I wish this feeling could last forever.

But what is forever to the young?
It is now. It is never. I will love you forever.
Forever is the time I spend in Calculus--
     and that seems long enough to have
     more than enough love to last a lifetime.

I am young. I am hip. And I will love you...forever.


~ * ~ * ~ * ~

I want to write poetry. I want to write the words so that they are lilting and beautiful and so that they touch you.

Having said that I want to write poetry, does that ruin it? I don't know. I can't help admitting it. Maybe you will think it is--that my writing is like poetry--anyway.

You see, sometimes the words I call poetry well up inside me, bouncing around and buzzing, like June bugs in one of those plastic bags gardeners put out in their yards when the nights begin to warm. If I open the bag for a glimpse of the shiny green beetles, I risk losing the words like so many winged insects. If I don't peek in the bag, the beetles just flounder about in agitated consternation at being trapped, and maybe there will be so many eventually that they escape anyway. Then the close evening sky would be filled with the metallic sheen of the flying beetles quickly becoming mere shadows amid the dusk, soon all gone.

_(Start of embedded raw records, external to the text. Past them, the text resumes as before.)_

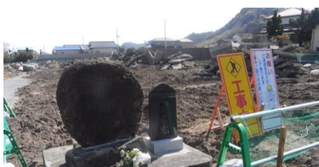
建物基礎の撤去工事が進む

◆工事が本格化し重機も多く入りますので、工事エリアの通行には十分にお気を付けてください。
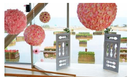
パシフィックアートフラワー展

「パシフィックアートフラワー展」のドアを開いた場所から撮影すると、青く広がる太平洋を背景に、開放感のあるカラフルな花風景をお楽しみいただけます。
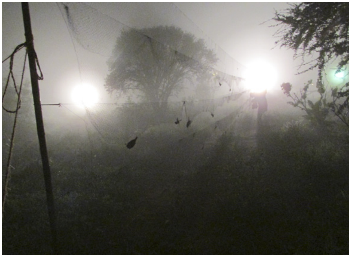
Ringmærkning om natten ved Ngulia Lodge, 6. december 2013.

Til sidst vil Ringmærkningscentralen gerne benytte lejligheden til at takke alle vore ringmærkere for indsatsen i 2013, samt takke alle der på den ene eller anden måde har bistået ringmærkningen i 2013.
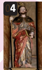
4 Santiago "O Parrandeiro".

07 Fuente del Carmen , obra del maestro santanderino Pedro de La Bárcena (1.577), reformada en 1789. Iconografía jacobea, en la hornacina el Apóstol bautizando a la Reina Lupa en el cuerpo inferior, representación de la Traslato, en el Inferior la Virgen del Carmen, remplazada por la Virgen de los Dolores, de gran devoción por las parturientas.
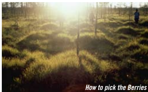
How to pick the Berries

18H30 Deux festoches, un cinoche ! Une sélection de cinq courts-métrages d'écoles interrogeant le monde du travail concoctée par les équipes des Rencontres Henri Langlois et de Filmer le Travail et avec la complicité du TAP Cinéma. APÉRO OFFERT À L'ISSUE DE LA SÉANCE
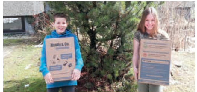
Die Schülerinnen und Schüler sammeln Handys für die Aktion des Jane Goodall-Institutes Austria zur Rettung von Schimpansen in Afrika.
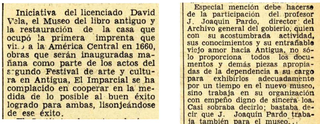
Figura 8. Fragmentos de la noticia, Inauguración del Museo del Libro publicada en el diario El Imparcial el día 15 de marzo de 1956. Una minuciosa revisión en esta colección, noticias y detalles sobre la inauguración del MLA.
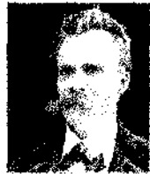
Фрідріх Ніцше 1844-1900 рр.

Філософські традиції Шопенгауера продовжив представник біологічно-натуралістичного варіанту «філософії життя» Ф. Ніцше.
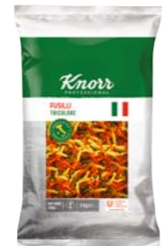
Fusilli Tricolore 3 kg
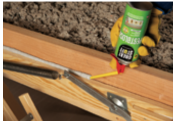
Marco de la puerta de acceso al ático
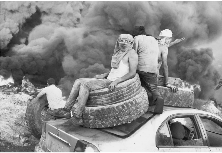
6月23日,在约旦河西岸城市纳布卢斯附近,巴勒斯坦人参加针对以色列扩建犹太人定居点的抗议活动。
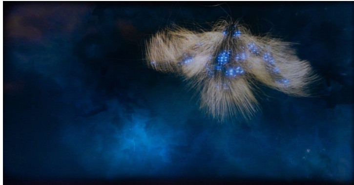
Dominique Gonzalez-Foerster, Holorama 5 (LoieFullerforever), 2022. Illusion holographique. Son: Julien Perez/Exotourisme, 14 minutes. Produit par VEGA foundation. Développé par Virtual Lightning BoxVue d'exposition, Alienarium 5 (Serpentine South, 14 avril - 4 septembre 2022).

J'ai regardé tout autour, à travers le voile ou le foulard ou la bulle qui m'enveloppait. Encore de l'espace, d'autres étoiles scintillantes. Puis il y a eu un son pétillant.
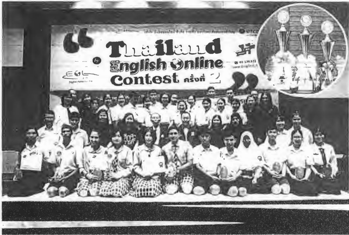
ภาพเหตุการณ์บางส่วนของการแข่งขันรอบชิงชนะเลิศ เมื่อวันที่ 11 กุมภาพันธ์ 2560 ณ มหาวิทยาลัยหอการค้าไทย
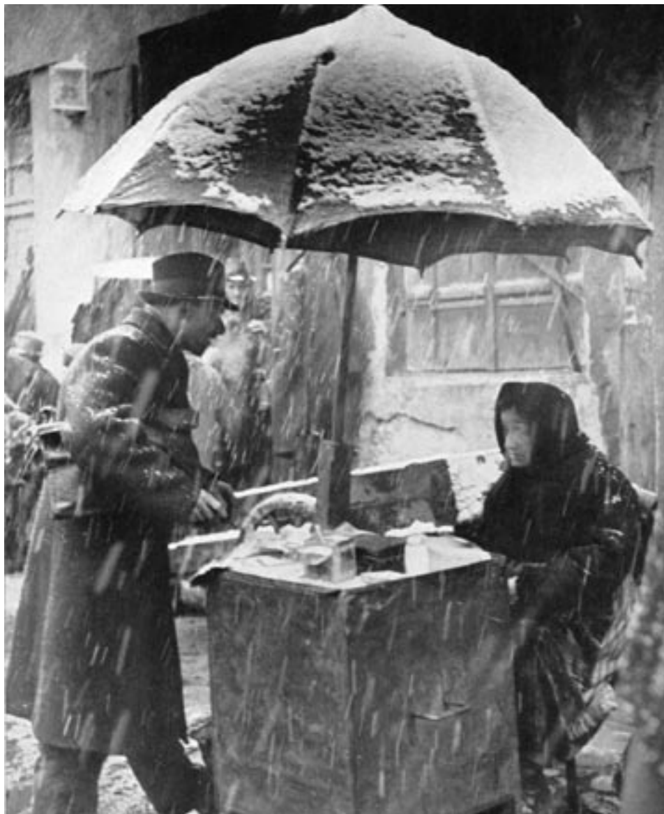
רוכלת יהודייה וגובה המסים ביום חורפי בקרקוב; שנות השלושים של המאה העשרים

כדומה לרחל בירמאן דאגו נשים רבות בתחום המושב לענייני הבית ובה בעת ניהלו את העסק המשפחתי יחד עם הבעל ולעתים בלעדיו. לא אחת נאלצו רוכלים וסוחרים זעירים לצאת את גבולות עיירתם ולהציע את מרכולתם בעיירות רחוקות. במקרים אלה נפלו על כתפי האישה הטיפול במשק הבית ובילדים והדאגה לעסק בעת היעדרותו של הבעל. בספרו 'אנשי נבו' ציין שמעון קושניר שאביו של נח נפתולסקי – אחת הדמויות הידועות של העלייה השנייה החלוצית – נהג לצאת מביתו בראשית השבוע ולחזור בסופו. בהיעדרו הפכה האם סימה-ביילה למפקחת החולשת על כל ענייני
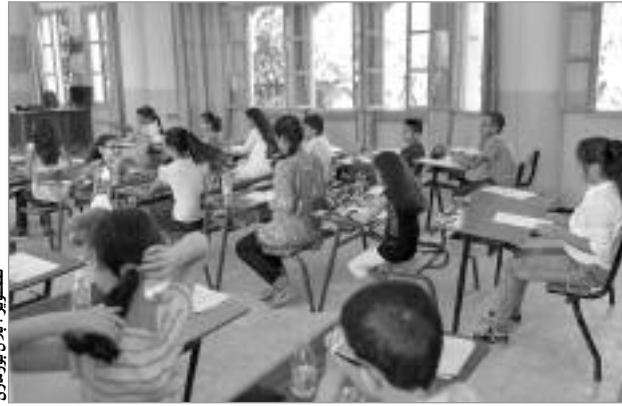
تلاميذ يترقبون نتائج الاختبارات

خالفت العديد من المؤسسات التربوية قرار وزيرة التربية الوطنية، نورية بن غبريت، القاضي بتوحيد اختبارات الفصول الثلاثة، أين قام بعض المديرين بإجراء اختبارات الفصل الثالث بالنسبة للسنتين الأولى والثانية ثانوي في السابح ماي الماضي، علما أن الوزارة حددت تاريخ 28 من شهر ماي كتاريخ موحد لإجرائها. وشددت الوزارة من خلال مراسلتها على ضرورة تسليط عقوبات صارمة على المديرين المخالفين، حيث سيتم تحويلهم إلى المجالس التأديبية، وسيتم
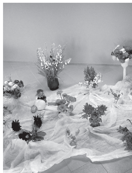
Ziedu izstāde Sēlpils kultūras namā.
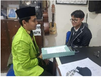
المقابلة مع الطالب
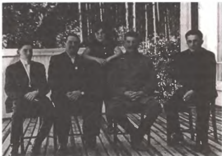
И. Сталин, А. Жданов и дети Сталина

все неумышленно. Но это был такой урок, что с тех пор я даже газету порвать не могу. И у Василия трепетное отношение к книгам сохранилось до конца жизни.
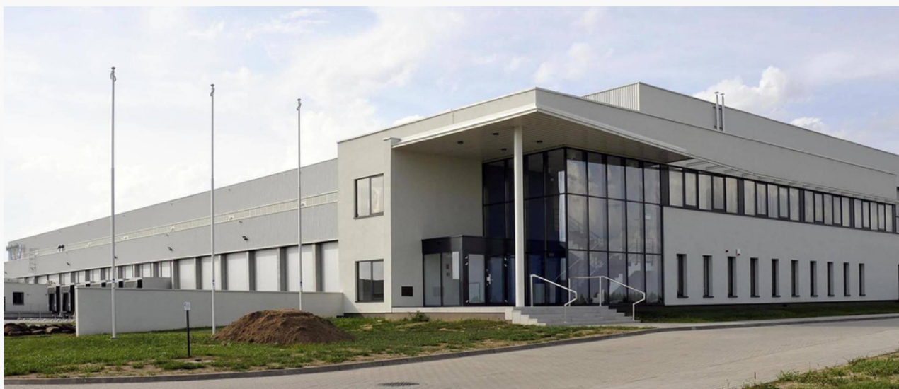
Frigo Logistics, Radomsko

Ze względu na branżę, część zakładów szczyt zatrudnienia odnotowuje w sezonie letnim (mroźnia Frigologistics, PressGlass, branża budowlana). Liczba osób pracujących jest szacunkowa i powstała na podstawie wywiadów, ze względu na brak obowiązku zgłaszania takich danych do samorządu.
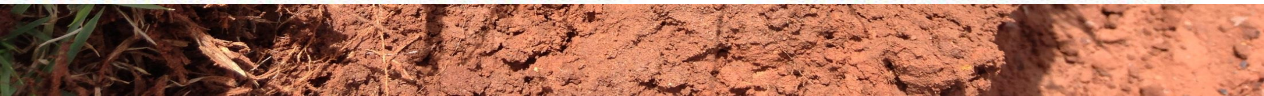
Esmeralda: solo fértil

^ This might be the bridge over the railroad yard "we" (my fellow after-school tutors and I) had to cross to get to our Federal Work-Study site, but I am not certain.

2 comments:

  1. and you are still young, and still hip and in love.....forever.
    Sweet !!
    ( I however do not find June bugs even a tiny bit romantic )

    ReplyDelete
  2. I, too, have been running across some of my "Love yelps" as I try to sort through decades of papers... The emotion may have been genuine, but the expression needed development.

    ReplyDelete

Your comments let me know that I am not just releasing these thoughts into the Ether...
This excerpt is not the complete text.